Tus hijos son pequeños ahora.
Una de las percepciones humanas más comunes es esa de que, a medida que nos hacemos mayores, el tiempo pasa más rápido. Los días parecen hacerse más cortos, y los años también. Todos tenemos anécdotas de este tipo: cuando éramos niños, los días eran largos, y las horas de clase en la escuela primera parecían interminables. Ahora, los días, meses y años pasan borrosos.

Hay muchas expresiones que transmiten esa sensación. «El tiempo vuela», «¿A dónde se ha ido el tiempo?», «¡Parece que el año pasado fue ayer». Esta percepción se vuelve muy acusada cuando somos padres o madres. Los niños son pequeños, pero, en un abrir y cerrar de ojos, ya son adolescentes. Lo siguiente es que esos niños que hace nada te miraban con ojos de adoración y que imitaban todo lo que hacías, de pronto han volado del nido. Y no hay forma de hacer retroceder el tiempo.
Aunque mientras estabas criándoles no te dabas cuenta, sí lo harás cuando haya pasado todo. Y lo echarás de menos. Por eso, el mejor consejo que se le puede dar a alguien que tenga hijos pequeños es no caer en el error de dejar pasar el tiempo, sin más.
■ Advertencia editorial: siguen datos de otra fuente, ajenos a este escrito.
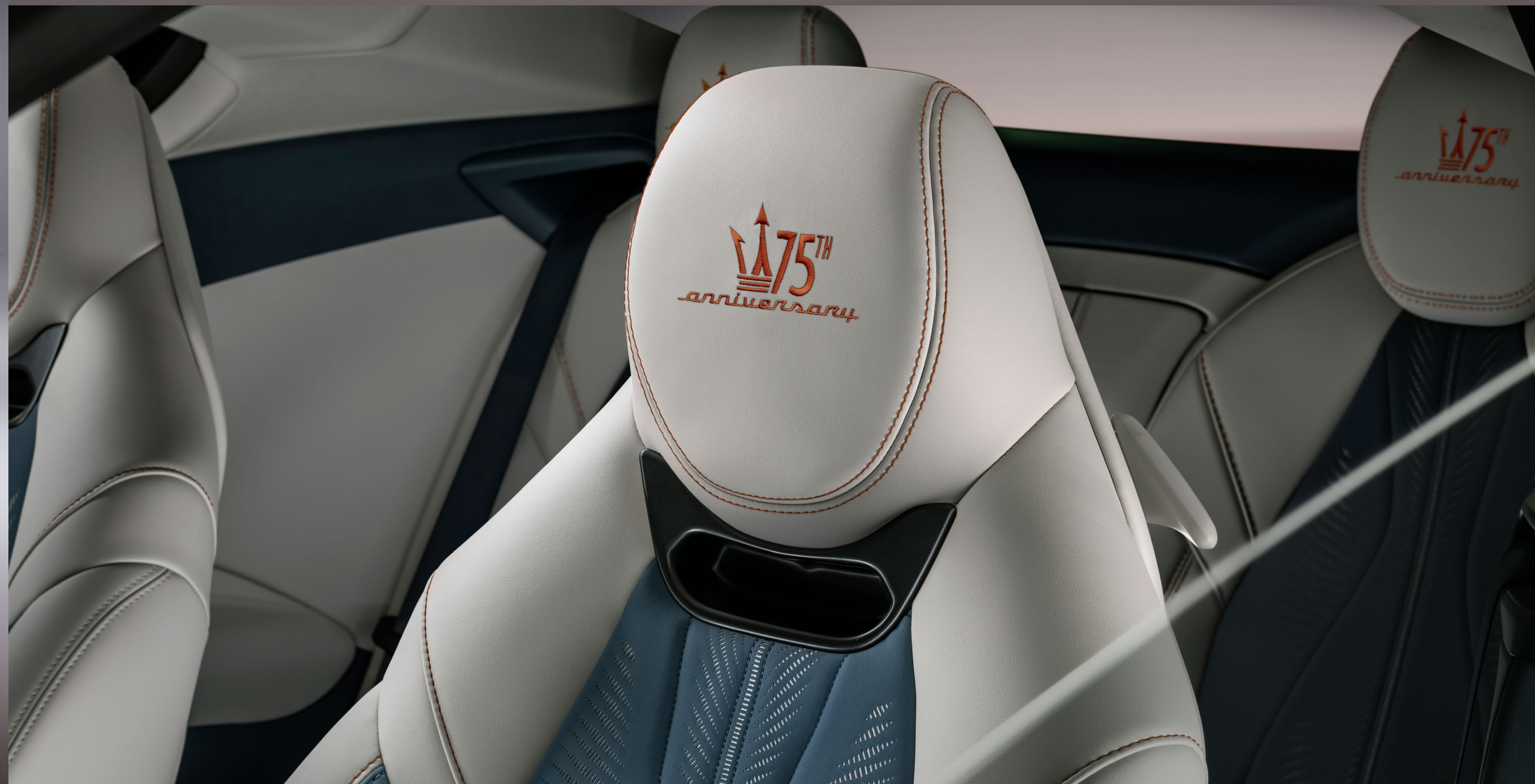
Folgore - Rame Folgore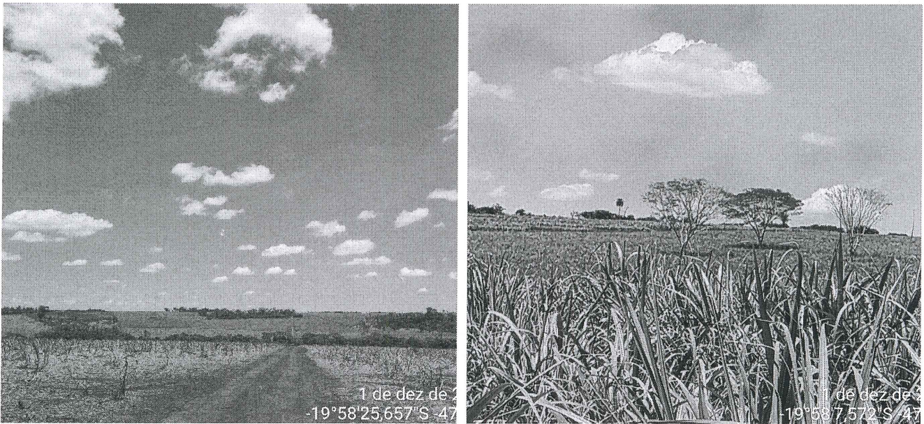
Figura 3 – Vista parcial da Fazenda Espinha São João e Fazenda Tamburi.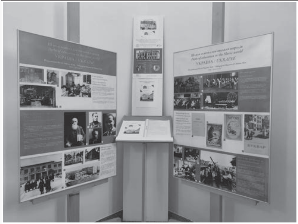
Solidarnostna tema o zgodovini šolstva v Ukrajini, razstava v kotu ob vhodu v Slovenski šolski muzej, aprila 2022.

pogled na pedagoški profil ukrajinskih študentov od sredine 19. stol. do 1970 (The Phenomenon of the Pedagogical Profile of a Student: from Ushinsky to Sukhomlinsky). 39 S temo proučevanja osebnosti učencev se je avtor raziskovalno že ukvarjal, 40 posebej s pedagogom V. Sukhomlynskym, 41 v letu 2020 pa je izdal v ukrajiniščini obsežno monografijo Fenomen pedagoških značilnosti študenta: od Ušinskega Sukhomlynskega. Za večjo dostopnost ima knjiga, ki je dostopna tudi na spletu, še angleški povzetek (str. 366–372), pa tudi iz zgodovinskih virov zbrane različne tematske priloge. 42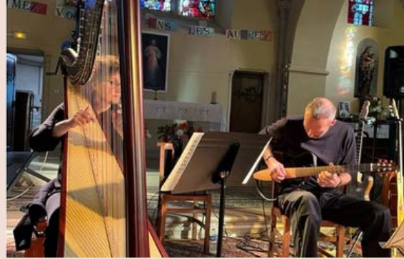
Concerts - Spectacles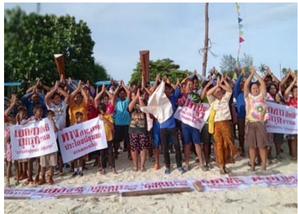
รูป 2 ภาพแสดงการเรียกร้องให้มีการแก้ไขปัญหาความขัดแย้งระหว่างชาวเลกับนายทุนบนเกาะหลีเป๊ะ

ปัจจุบันชุมชนชาติพันธุ์ชาวเลในหลายพื้นที่กำลังเผชิญกับการถูกคุกคามและริดรอนสิทธิจากนายทุนที่อ้างกรรมสิทธิ์ครอบครองที่อยู่อาศัย และพื้นที่สาธารณะ เช่น กรณีชาวเลเกาะหลีเป๊ะที่ถูกนายทุนอ้างกรรมสิทธิ์ครอบครองพื้นที่หน้าหาดที่อยู่อาศัย และพื้นที่จิตวิญญาณหรือสุสานดั้งเดิมของชาวเล โดยการสร้างรีสอร์ท โรงแรมที่พัก หับที่ของชาวเล รวมถึงการปิดเส้นทางที่ชาวเลใช้สัญจรไปมา ขณะเดียวกันก็เผชิญกับการถูกข่มขู่คุกคาม ด้วยการใช้อิทธิพลและการอ้างกฎหมายทำให้ชาวเลเกิดความหวาดกลัว เนื่องจากไม่มี

Dado que tus hijos son pequeños ahora, es ahora cuando tienes que dedicarles todo el tiempo que puedas y disfrutarlos al máximo.

Lo normal es pensar que tenemos mucho tiempo por delante. Desgraciadamente, la realidad es que no es así. Y la posibilidad de pasar tiempo de calidad con vuestros hijos no está garantizada. Por lo tanto, si quieres dejar huella en la vida de tus hijos, si quieres que se sientan cercanos a ti y que crezcan felices y sintiéndose queridos, haz todo lo posible por dedicarles tiempo ahora.
«Crecen tan rápido…»
Cuando estás con tus hijos, tienes que creer que es la mejor opción posible en la que invertir tu tiempo. No hay nada mejor que tengas que estar haciendo. Los niños crecen rápidamente, y es en esos momentos diarios en los que tienes que estar presente. En esos instantes es en los que ocurren las pequeñas cosas que atesorarás toda la vida. Si te pasas la vida estresado pensando que deberías estar haciendo otra cosa, no te darás cuenta del regalo que es tener la oportunidad de disfrutar de estas situaciones.
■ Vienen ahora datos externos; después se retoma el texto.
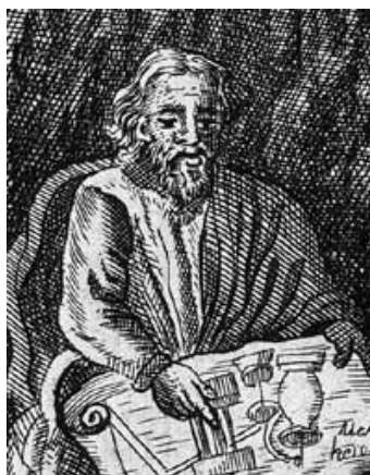
Heron von Alexandria (1. Jahrhundert n.C.)

zunehmend bessere Approximationen (wenn eine 0 dazukommt, kann man sich darüber streiten). All diese x_i sind rationale Zahlen, die zunehmend genauere Information über die durch die unendliche Ziffernfolge anvisierte Zahl beinhalten. Wir können also Ziffernfolgen als eine Folge von rationalen Approximationen auffassen (aufgrund von Lemma 3.5 (3) wissen wir bereits, dass man jede reelle Zahl durch rationale Zahlen approximieren kann). Eine fundamentale Beobachtung ist nun, dass Ziffernfolgen im Allgemeinen nicht die schnellste oder die beste Approximation einer Zahl geben, sondern dass häufig anders gelagerte Folgen besser sind. Deshalb werden die Approximationseigenschaften der reellen Zahlen über die fundamentalen Begriffe Folge und Konvergenz erfasst.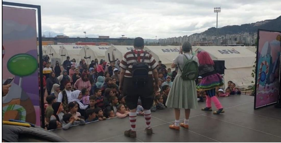
Kahramanmaraş Sütçü İmam Üni. Çadırkent

6 Şubat 2023 tarihinde meydana gelen depremler nedeniyle etkilenen bölgelerde yaşanan depremzede çocuklarımıza yönelik olarak moral ve motivasyon sağlanması amacıyla turneler düzenlenmiş olup, Adıyaman, Diyarbakır, Elâzığ, Gaziantep, Hatay, Kahramanmaraş, Kilis, Malatya, Osmaniye ve Şanlıurfa illerimizde 50 adet çocuk oyunu sahnelenmiş ve 19.954 çocuk ve aileye ulaşılmıştır.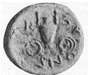
4. Νόμισμα της Κορινθίας (Θεσσαλία) που εικονίζει άμαξα με αγγείο. Γύρω στο 300 π.Χ.

Τα προϊστορικά ευρήματα μας δείχνουν ότι δεν πρέπει να σχηματίσουμε για τον βωμό τέφρας την εντύπωση ενός χαλαρού σωρού στάχτης. Οι βωμοί αυτού του τύπου αποτελούνται από ασβεστοποιημένα μικρά κομμάτια οστών ζώων που με τον καιρό γίνονται πολύ σκληρά (Knochenschotter). Γι' αυτό μπορούσε κανείς, όπως διηγείται ο Πausanias, να ανεβεί με σκαλοπάτια σκαλισμένα στην τέφρα του βωμού της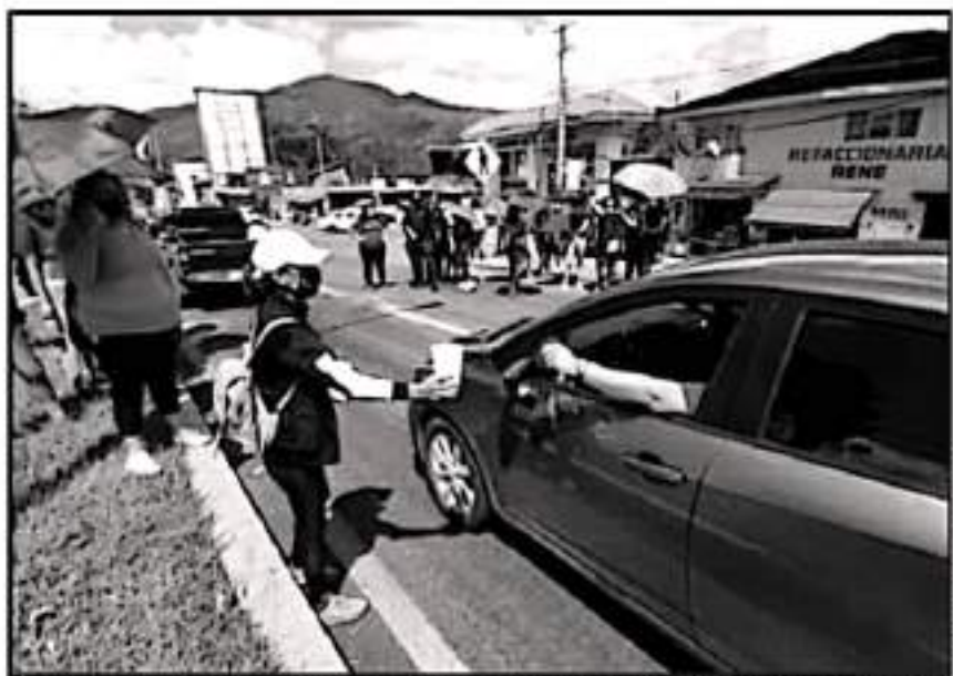
SE REVELÓ QUE PODER DE BASE ESTE MIÉRCOLES SECUESTRO UNIDADES Y REALIZÓ 'BOTÍO' PARA HACERSE DE RECURSOS

"Aparentemente luchamos por lo mismo, sin embargo, lo que buscan los pocos seguidores de Poder de Base con su brazo violento del Frente Nacional de Lucha por el Socialismo, es satisfacer intereses personales de los líderes, lamentablemente a través de una espiral de mentiras man-

La infancia no es únicamente una etapa bonita que los padres o madres podemos disfrutar al lado de nuestros hijos. También es la base de su crecimiento y felicidad. Ellos nos necesitan más que nunca, aunque a veces se sientan mayores y quieran hacer las cosas por sí mismos. A pesar de que en ocasiones nos parecen momentos agotadores, después los echarás de menos con mucha melancolía. Por este motivo, y porque el tiempo no se detiene por nadie, dedícale tiempo ahora a tus hijos y haz que te sientan presente.
Además, lo que hacemos ahora influye en el desarrollo y en el futuro de los pequeños. Lo mejor que puedes hacer es intentar diariamente que se sientan queridos, y que estás a su lado.

Por todo esto, si eres un padre que vive estresado, ha llegado el momento de coger el toro por los cuernos y tomar medidas para poder echar el freno. Piensa que esos pequeños detalles de la vida influyen en el desarrollo de tus hijos, y que la manera en la que trates a tus hijos tendrá una consecuencia en su camino. Nosotros recomendamos apostar por la disciplina positiva, y en mostrarles siempre nuestro apoyo desde el amor y el respeto.
¿Ha vuelto a romper un juguete? No sirve de mucho castigarles: quizás lo que ocurre es que tienes delante a un futuro ingeniero. Si pintarrajea la pared, puede que esté empezando a desarrollar una habilidad artística que le acompañe toda la vida y le ayuda a expresarse. Destacar la parte positiva de la personalidad de nuestros hijos es fundamental para que pueda trabajar su autoestima desde la más tierna infancia.

En resumen: reflexione en la manera en la que pasas el tiempo con tus hijos diariamente. Vive el presente a su lado, y saborea los pequeños momentos de la vida. Descubrirás que, de la mano de tus hijos, la vida tiene un color maravilloso.